C’est l’un de ces romans pour la jeunesse dont on a l’habitude de voir la couverture sur les étals des libraires. Il n’est jamais bien loin. Un livre qui semble passer l’épreuve du temps. Les couvertures illustrées des différentes éditions varient dans le style, mais toutes s’attardent sur un élément : le regard d’un loup. Un regard troublant, car il n’a qu’un œil. L’Œil du Loup de Daniel Pennac est un classique.
La plume souple de l’auteur, jonglant à la frontière entre la langue orale et littéraire, est savoureuse tant dans ses romans adultes que dans ses incursions dans la littérature jeunesse. Rappelons-nous de son tour de piste aux commandes des personnages d’Ernest et Célestine, d’abord au scénario du film d’animation aux dialogues savoureux, sorti en 2012, puis le temps d’une version romancée de ce long métrage : joueur, astucieux et tendre, le texte donnait sans cesse envie d’être lu à voix haute. Si L’Œil du Loup est moins primesautier, il joue tout de même sur le même terrain.
L’Œil du Loup est cette histoire d’amitié inattendue qui fleurit dans un zoo parisien, entre un loup blanc du Grand Nord et un garçon venu d’Afrique. Une amitié qui, pour exister, doit passer par les récits, beaux et terribles, du passé de chacun.

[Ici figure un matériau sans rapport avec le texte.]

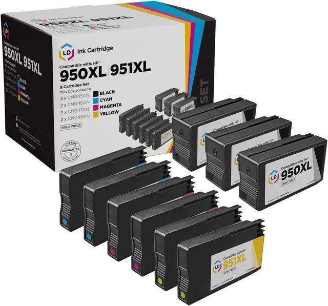 Save and print even more when you shop with LD Products! This offer includes (3) CN045AN Black, (2) CN046AN Cyan, (2) CN047AN Magenta and (2) CN048AN Yellow high yield ink cartridges; they replace the original HP 950XL and 951XL ink series. Why pay more for expensive brand name HP ink? This ink cartridge set is compatible with HP OfficeJet Pro 251dw, 276dw MFP, 8100, 8600, 8600 Plus, 8600 Premium, 8610, 8615, 8616, 8620, 8625 and 8630 printers. Please note, retail packaging may vary and these ink cartridges will only work with printers purchased within the United States and Canada.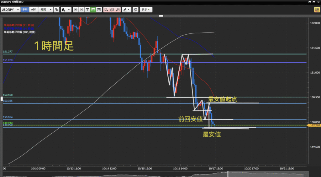 1時間足でも下降トレンド中。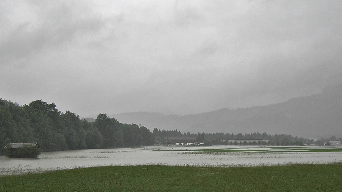 der Lech erweitert seinen Einfluss auf die etwa im Mittelalter übliche Ausdehnung - die dem Lech einst abgerungenen Flächen der Reuttener Unterlüß mitsamt dem Reiterhof holt sich der Wildfluss für einige Zeit zurück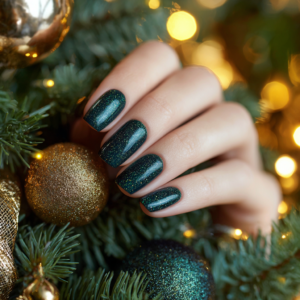 5. Para um efeito ainda mais festivo, adicione um top coat com glitter ou um top coat com efeito especial e, em seguida, catalise.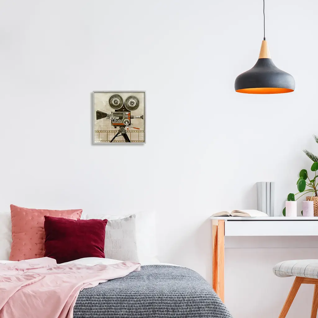 Add dimension to any room with our textured Framed Giclee Artwork. Our framed artwork is securely mounted into a 1.5-inch thick wood grain frame and ready to hang. Frames are available in three alluring styles: black, gray farmhouse and white. In addition, you should check out our oversized options if you want a statement piece. Stupell Wall Art is made in the USA.Features: Dimensions: 12 x 1.5 x 12 FramedFramed Giclee Sizes Include Standard: 12 x 1.5 x 12 Large: 17 x 1.5 x 17 Oversized: 24 x 1.5 x 24Wall Art is Ready to Hang - No Installation or Hardware Needed. For Easy Set Up Lean or Layer Artwork on Shelf or Against Wall.Our giclée prints are carefully mounted on a durable MDF backing, and then perfectly finished in a 1.5 inch thick woodgrain frame. Mounted frame colors include black, gray farmhouse and white. Made In USA.Artwork Relates To: Tripod, Camera, Video Camera, Vintage, Movies, Movie TheaterDesign by Grace Popp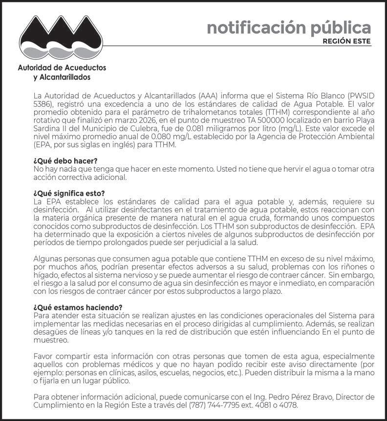 Y SE DISTRIBUYE EN LA REGIÓN NORESTE DE PUERTO RICO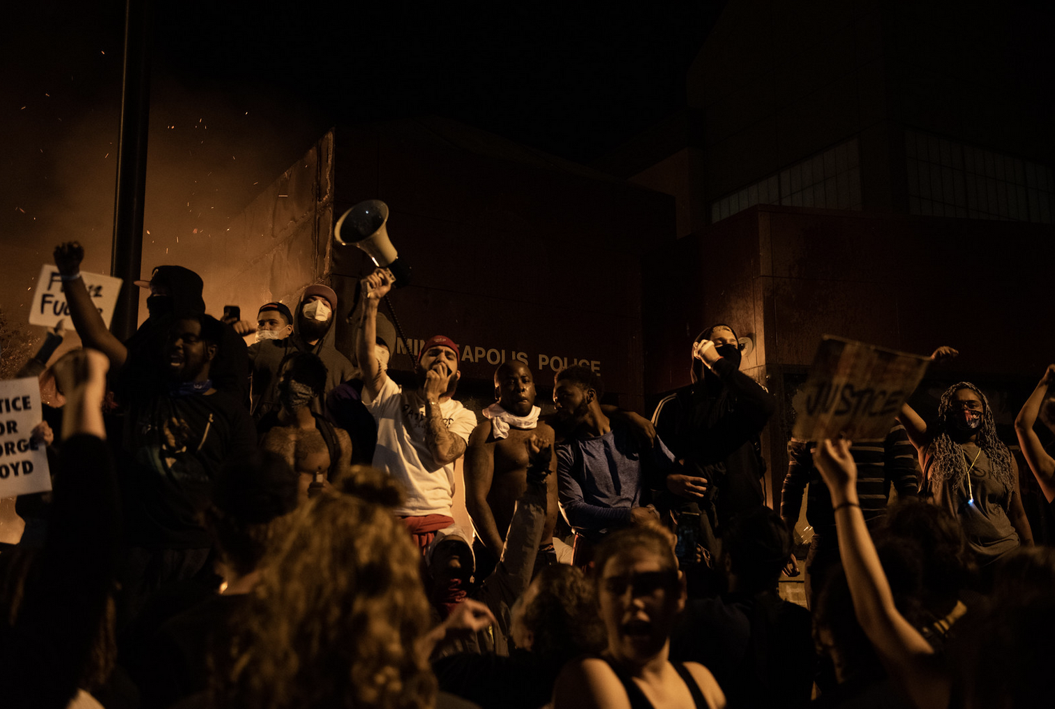 A: The day after George Floyd was murdered by police, protesters from the community descended on the 3rd precinct, carrying with them all the rage and hopelessness from protesting past police murders. The protesters smashed police cars as police retreated, throwing blast ball grenades and firing less-lethal munitions into the rapidly advancing crowd.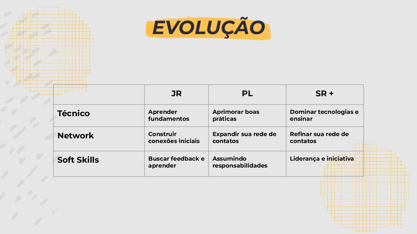 práticas Dominar tecnologias e ensinar Network Construir conexões iniciais Expandir sua rede de contatos Refinar sua rede de contatos Soft Skills Buscar feedback e aprender Assumindo responsabilidades Liderança e iniciativa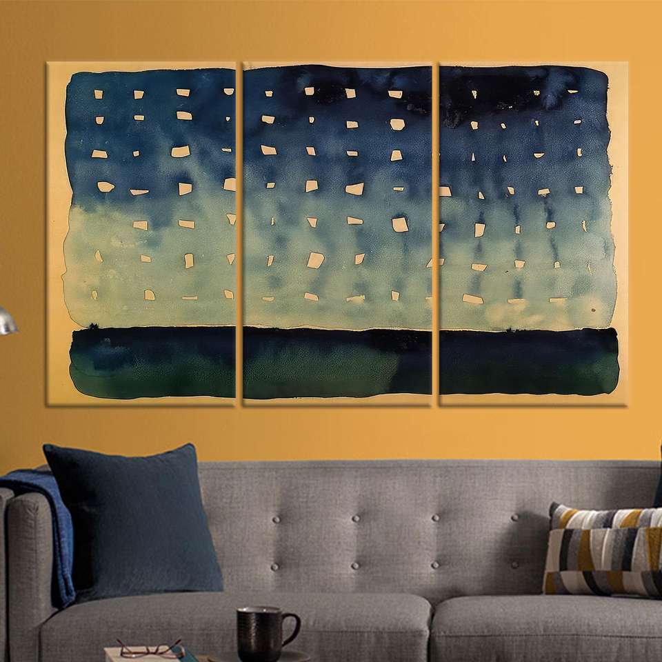 Modern Abstract Night Sky Canvas Print, Elegant Navy and Beige,SET OF 3 CANVAS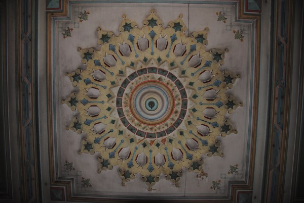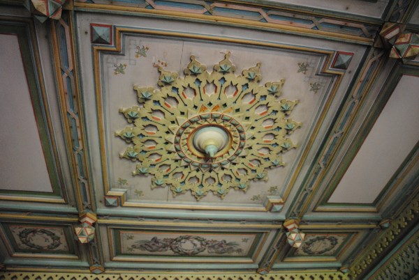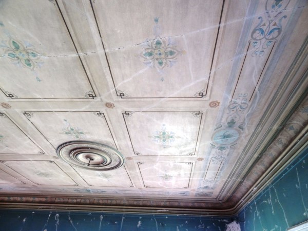 А дальше - круговая анфилада комнат. Когда-то они имели свои цвета - розовый, зеленый, бордовый - по колору росписи. Сейчас угадать уже непросто. Это северная гостиная.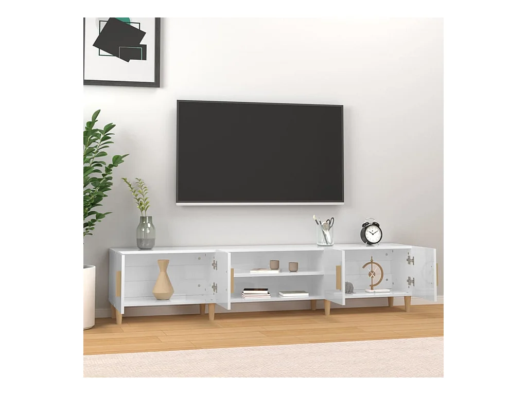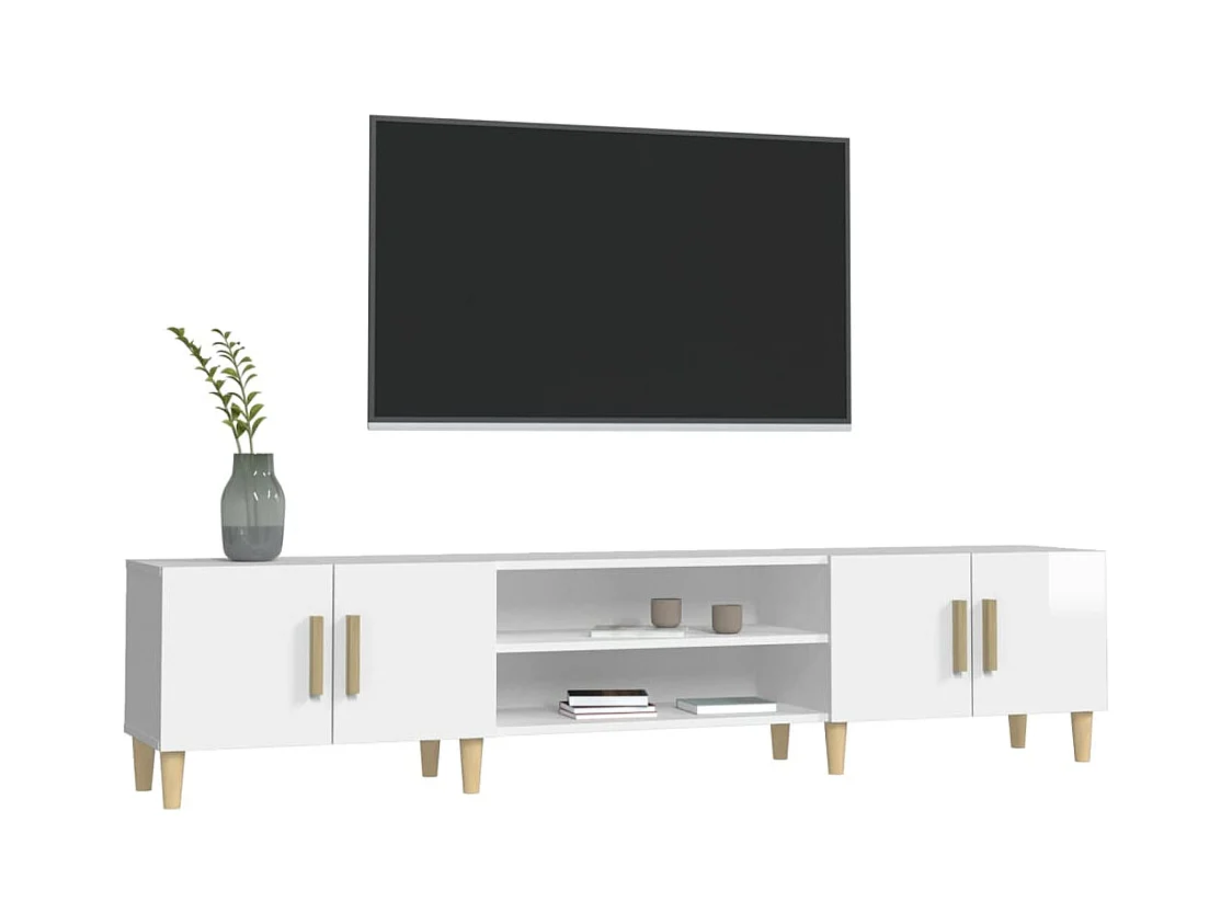 Meuble TV blanc brillant 180x31,5x40 cm bois d'ingénierie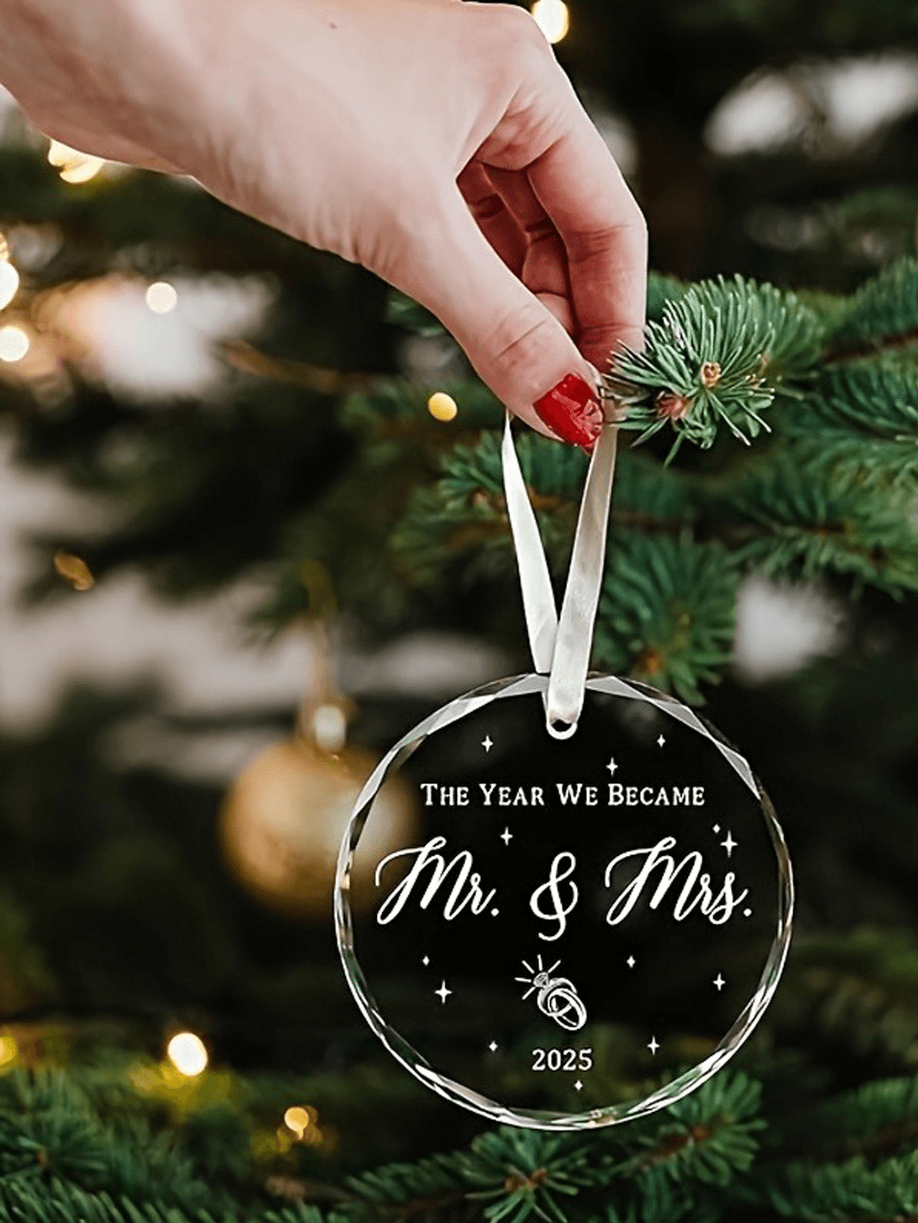 Made from high-quality transparent acrylic, the ornament has a smooth, sleek finish that reflects the glow of Christmas lights beautifully. You can customize the text with names, dates, or a short message to create a one-of-a-kind keepsake that celebrates your memories.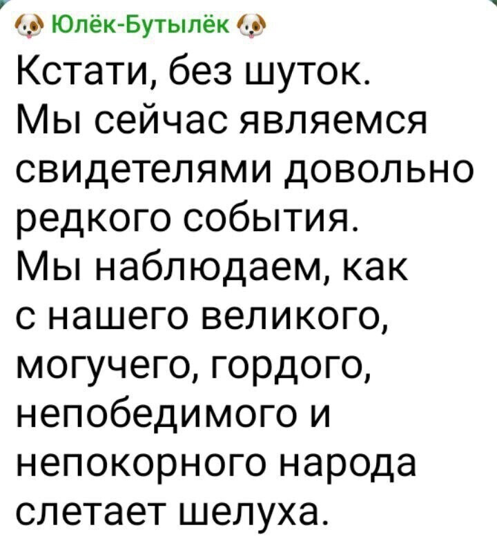 На 100%согласна с автором.настоящие люди сейчас сражаются за Родину, а ублюдки и подлецы за сытую жизнь...перечитайте А.Гайдара Военную тайну, Смолянинов вылитый Мальчиш-Плохиш!!! К сожалению, и в нашем обществе есть "потребители", а не патриоты России!

Après une récente version grand format somptueusement illustrée par l’illustrateur et peintre François Roca, voilà que l’auteur de bande dessinée Mathieu Sapin se réapproprie aujourd’hui ce récit. Nous sommes désormais habitués à son trait haché et nerveux dans son exécution, mais pourtant rond et accueillant dans sa forme. Il l’a souvent mis au service de BD documentaires ou de reportages à la première personne, notamment dans les coulisses du pouvoir (Campagne présidentielle, Comédie française). Mais aussi dans des bandes dessinées pour le lectorat jeunesse, que ce soit dans les séries Sardine de l’Espace et Akissi, ou dans sa récente adaptation en BD de l’album de Tomi Ungerer Pas de baiser pour maman.
Adapté à des formats longs qui privilégient le flot de lecture, son trait est mis en avant d’une manière nouvelle dans L’Œil du Loup. Car les éditions Nathan ne s’y trompent pas, en proposant un album grand format, de belle facture, renvoyant aux éditions de beaux albums jeunesse illustrés. Le dessin de Mathieu Sapin, avec cet espace nouveau, dévoile une facette illustrative, sans se renier.
Les pages se situant dans le zoo sont pleines de poésie : Mathieu Sapin fait siennes les contraintes de ce huis-clos à ciel ouvert et propose une chorégraphie tantôt paisible tantôt intense, en tous cas très touchante entre le loup et l’enfant.
S’ensuivent une exploration du passé du loup dans le Grand Nord et un épisode africain dévoilant le passé de l’enfant et qui ont tout du conte : le rythme, la découpe des évènements et le jeu entre réalisme et onirisme.
L’album se termine sur des pages de coulisses, montrant une complicité qui dès lors ne nous étonne pas, entre Mathieu Sapin et Daniel Pennac.
L’Œil du loup de Mathieu Sapin (d’après Daniel Pennac), Nathan bande dessinée, 2023, 80 p.